(WHAT YOU HAVE TO DO):
Shown below are entries with pictures; the line with "The leader of" through the line with "Приклеиваем малярную ленту" is the span to retype exactly, and the pictures stay out.
--- GIVEN DATA Enclosed Below ---
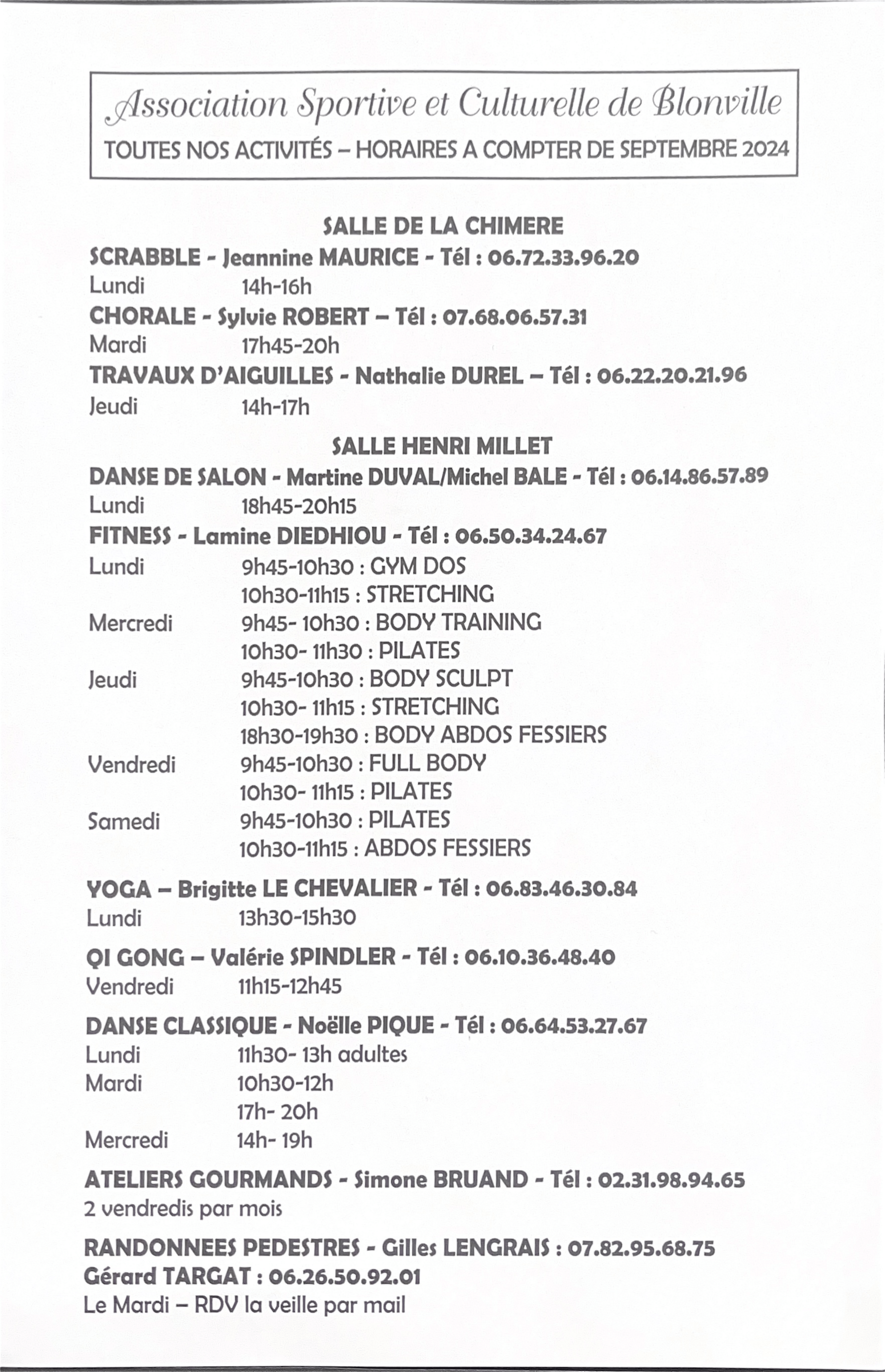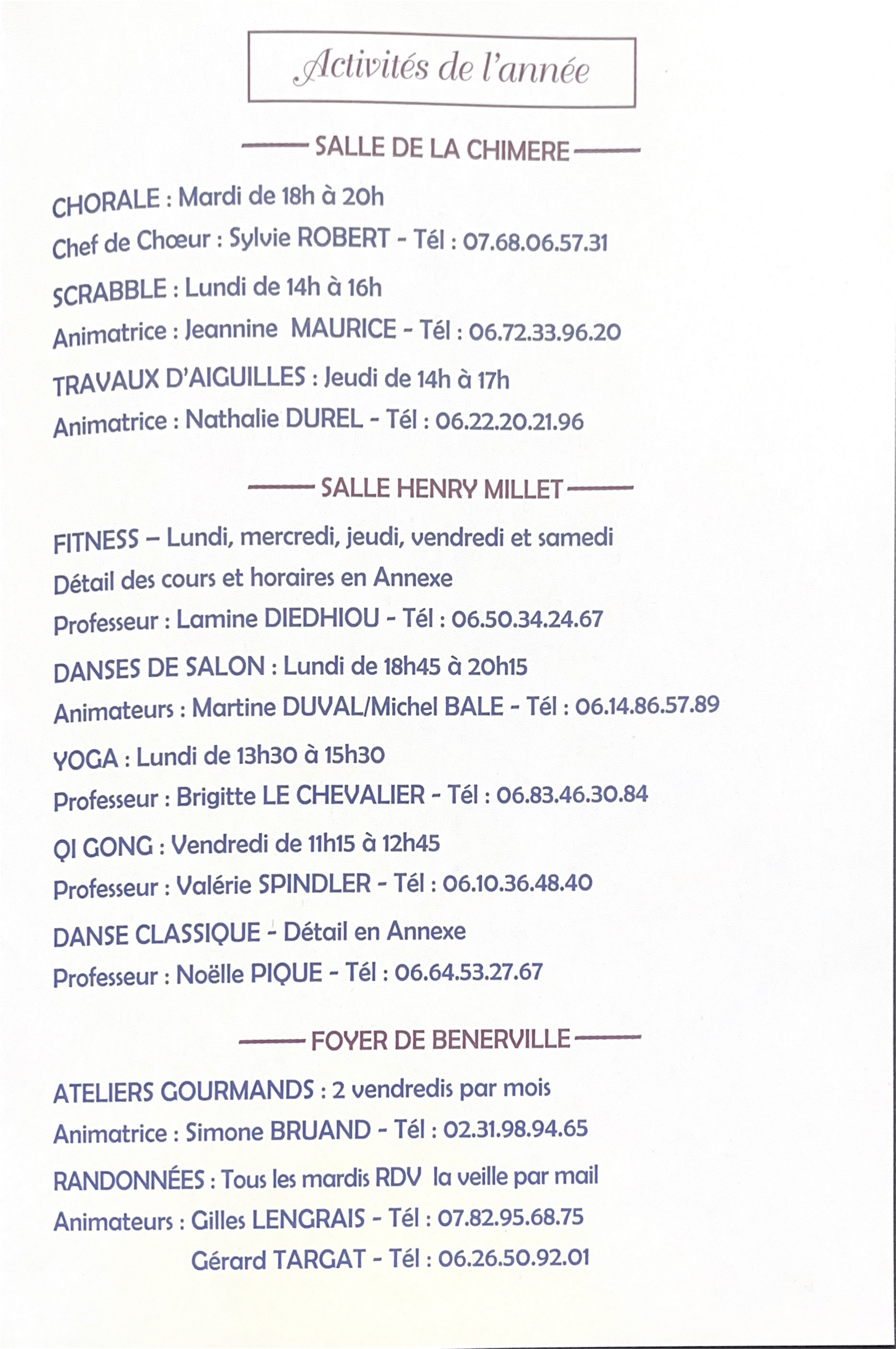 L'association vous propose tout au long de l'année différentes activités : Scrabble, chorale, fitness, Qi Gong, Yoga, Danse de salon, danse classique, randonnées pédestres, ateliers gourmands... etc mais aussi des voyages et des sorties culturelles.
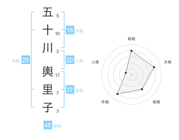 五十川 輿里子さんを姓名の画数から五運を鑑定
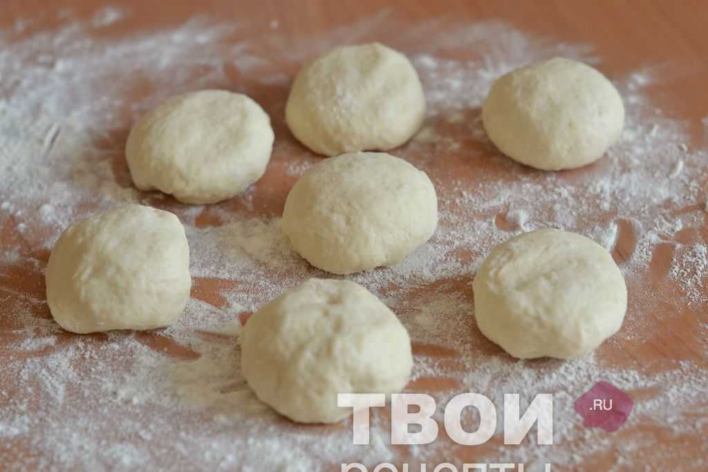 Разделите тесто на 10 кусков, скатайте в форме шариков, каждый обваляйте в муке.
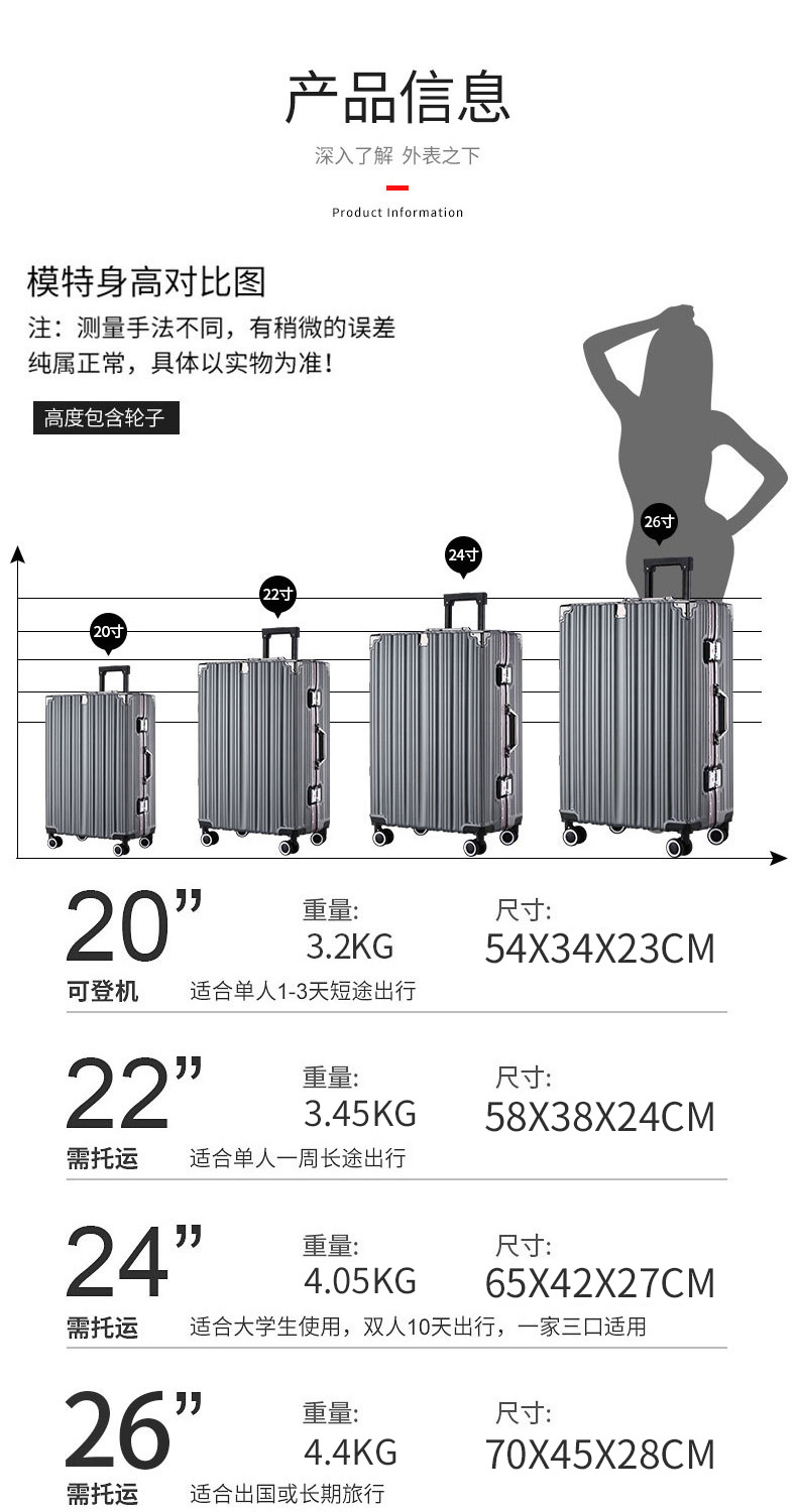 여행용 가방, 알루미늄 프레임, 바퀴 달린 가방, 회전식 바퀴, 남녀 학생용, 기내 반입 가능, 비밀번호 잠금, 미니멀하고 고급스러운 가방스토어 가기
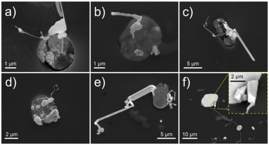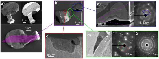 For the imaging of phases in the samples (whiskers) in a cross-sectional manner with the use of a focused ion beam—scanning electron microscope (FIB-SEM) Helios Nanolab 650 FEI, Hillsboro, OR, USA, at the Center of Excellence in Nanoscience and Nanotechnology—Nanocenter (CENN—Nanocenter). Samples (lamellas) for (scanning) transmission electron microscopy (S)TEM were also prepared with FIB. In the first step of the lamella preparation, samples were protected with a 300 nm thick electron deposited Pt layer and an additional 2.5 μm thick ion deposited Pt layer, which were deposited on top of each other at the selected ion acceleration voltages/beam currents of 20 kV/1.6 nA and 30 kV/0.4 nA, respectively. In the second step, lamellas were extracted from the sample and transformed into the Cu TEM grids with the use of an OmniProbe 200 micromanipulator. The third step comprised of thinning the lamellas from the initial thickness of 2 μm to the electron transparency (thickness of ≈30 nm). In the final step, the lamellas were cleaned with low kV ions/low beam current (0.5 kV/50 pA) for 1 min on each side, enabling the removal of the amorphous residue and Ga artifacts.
--- End of Enclosed GIVEN DATA ---
--- GIVEN DATA Enclosed Below ---
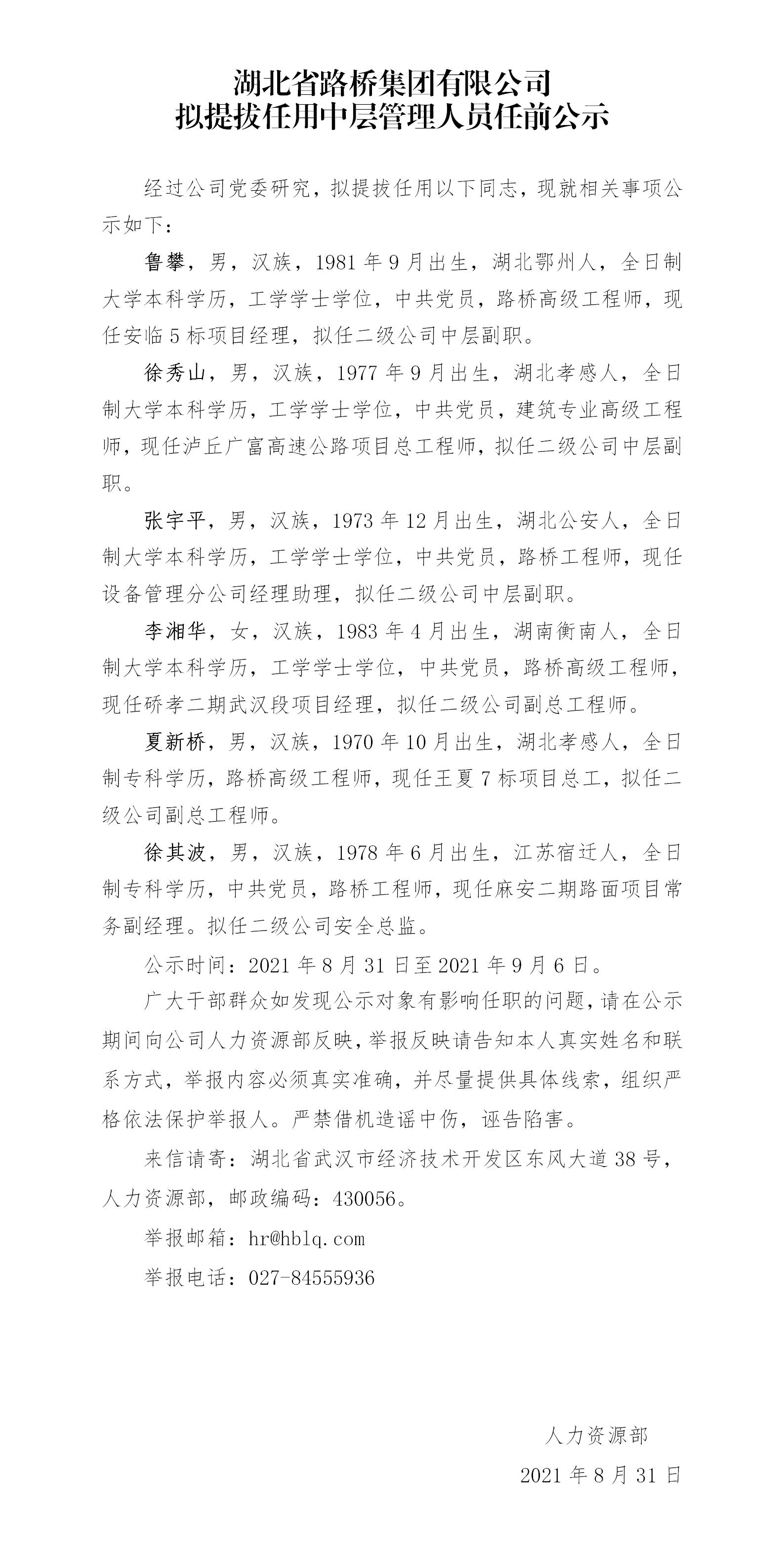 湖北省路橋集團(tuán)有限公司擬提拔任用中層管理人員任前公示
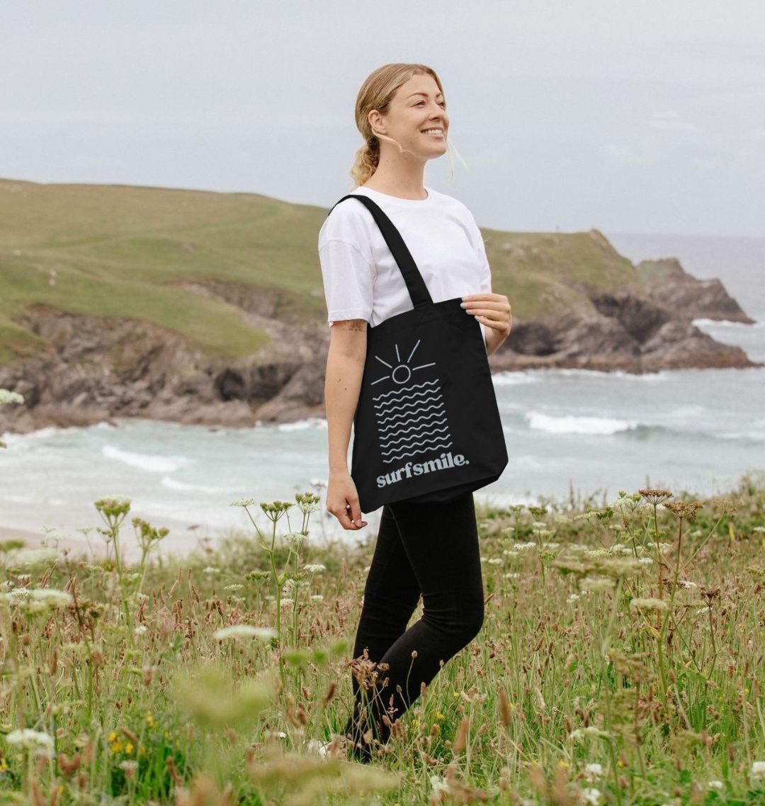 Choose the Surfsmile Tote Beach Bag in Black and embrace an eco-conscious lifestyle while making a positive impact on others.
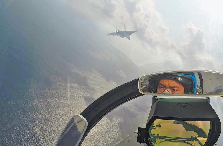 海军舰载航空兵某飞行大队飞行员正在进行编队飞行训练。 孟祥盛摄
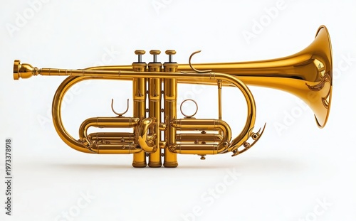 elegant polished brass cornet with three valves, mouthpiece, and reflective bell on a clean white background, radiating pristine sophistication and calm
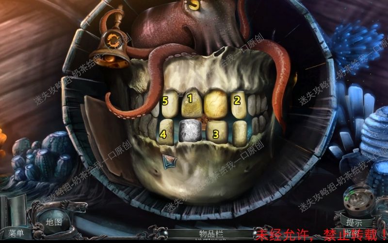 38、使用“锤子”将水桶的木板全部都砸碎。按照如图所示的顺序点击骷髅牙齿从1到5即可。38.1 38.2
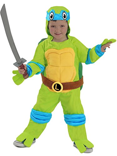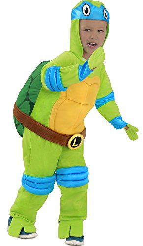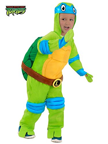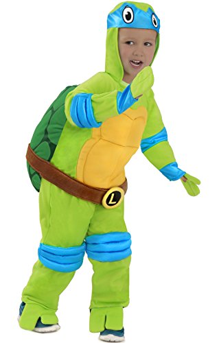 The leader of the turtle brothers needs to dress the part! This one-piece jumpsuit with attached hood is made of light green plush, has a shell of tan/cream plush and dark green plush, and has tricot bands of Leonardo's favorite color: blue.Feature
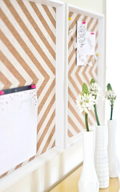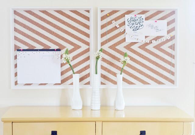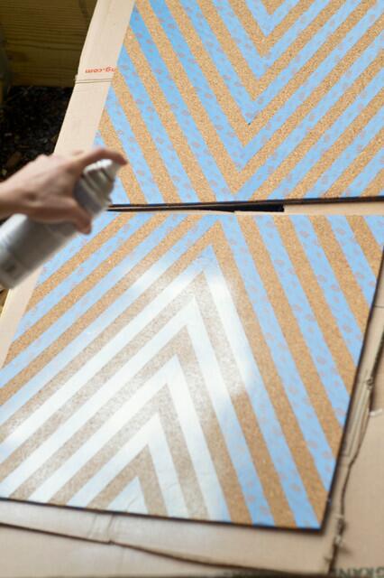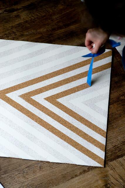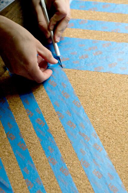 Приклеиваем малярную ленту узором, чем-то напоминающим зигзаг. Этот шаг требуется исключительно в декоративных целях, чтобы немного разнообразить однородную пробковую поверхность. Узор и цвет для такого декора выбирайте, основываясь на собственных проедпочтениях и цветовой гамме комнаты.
--- End of Enclosed GIVEN DATA ---
--- GIVEN DATA Enclosed Below ---
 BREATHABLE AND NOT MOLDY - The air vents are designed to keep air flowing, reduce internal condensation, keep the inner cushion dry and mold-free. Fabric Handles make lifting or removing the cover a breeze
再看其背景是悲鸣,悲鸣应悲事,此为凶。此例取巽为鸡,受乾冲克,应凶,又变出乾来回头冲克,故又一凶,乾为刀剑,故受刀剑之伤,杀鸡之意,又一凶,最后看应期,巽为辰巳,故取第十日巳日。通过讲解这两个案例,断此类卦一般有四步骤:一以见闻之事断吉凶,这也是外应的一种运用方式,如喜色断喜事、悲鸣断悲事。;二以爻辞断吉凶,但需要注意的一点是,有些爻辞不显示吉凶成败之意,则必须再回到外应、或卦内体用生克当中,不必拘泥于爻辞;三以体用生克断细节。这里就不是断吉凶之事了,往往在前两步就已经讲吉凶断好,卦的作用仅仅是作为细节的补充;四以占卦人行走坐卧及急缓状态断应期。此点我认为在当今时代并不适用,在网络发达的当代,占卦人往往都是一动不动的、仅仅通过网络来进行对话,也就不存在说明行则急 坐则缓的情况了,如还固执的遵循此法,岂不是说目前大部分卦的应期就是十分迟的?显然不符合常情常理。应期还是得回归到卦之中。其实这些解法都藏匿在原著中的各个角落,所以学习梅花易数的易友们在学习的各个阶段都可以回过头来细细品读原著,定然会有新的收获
--- End of Enclosed GIVEN DATA ---
(EXERCISE OUTPUT):
 The leader of the turtle brothers needs to dress the part! This one-piece jumpsuit with attached hood is made of light green plush, has a shell of tan/cream plush and dark green plush, and has tricot bands of Leonardo's favorite color: blue.Feature
 Приклеиваем малярную ленту узором, чем-то напоминающим зигзаг. Этот шаг требуется исключительно в декоративных целях, чтобы немного разнообразить однородную пробковую поверхность. Узор и цвет для такого декора выбирайте, основываясь на собственных проедпочтениях и цветовой гамме комнаты.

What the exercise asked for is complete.